Dataset extract:
*** Begin section ***

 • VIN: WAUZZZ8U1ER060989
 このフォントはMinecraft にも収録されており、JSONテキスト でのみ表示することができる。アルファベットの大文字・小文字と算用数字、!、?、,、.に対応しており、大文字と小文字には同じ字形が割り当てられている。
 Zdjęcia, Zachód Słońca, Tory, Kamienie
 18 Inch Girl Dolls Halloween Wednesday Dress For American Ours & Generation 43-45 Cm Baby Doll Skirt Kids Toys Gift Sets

*** End section ***
*** Begin section ***

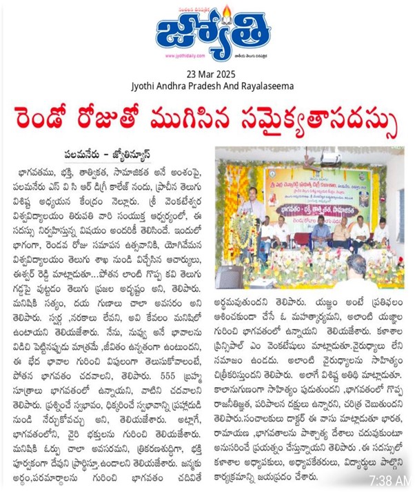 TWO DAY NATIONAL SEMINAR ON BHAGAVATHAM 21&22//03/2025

*** End section ***

The task: Please give back, exactly as it stands above, the stretch from the line with "Zdjęcia, Zachód Słońca, Tory, Kamienie" through the line with "18 Inch Girl", and no line outside it.

Your solution:
 Zdjęcia, Zachód Słońca, Tory, Kamienie
 18 Inch Girl Dolls Halloween Wednesday Dress For American Ours & Generation 43-45 Cm Baby Doll Skirt Kids Toys Gift Sets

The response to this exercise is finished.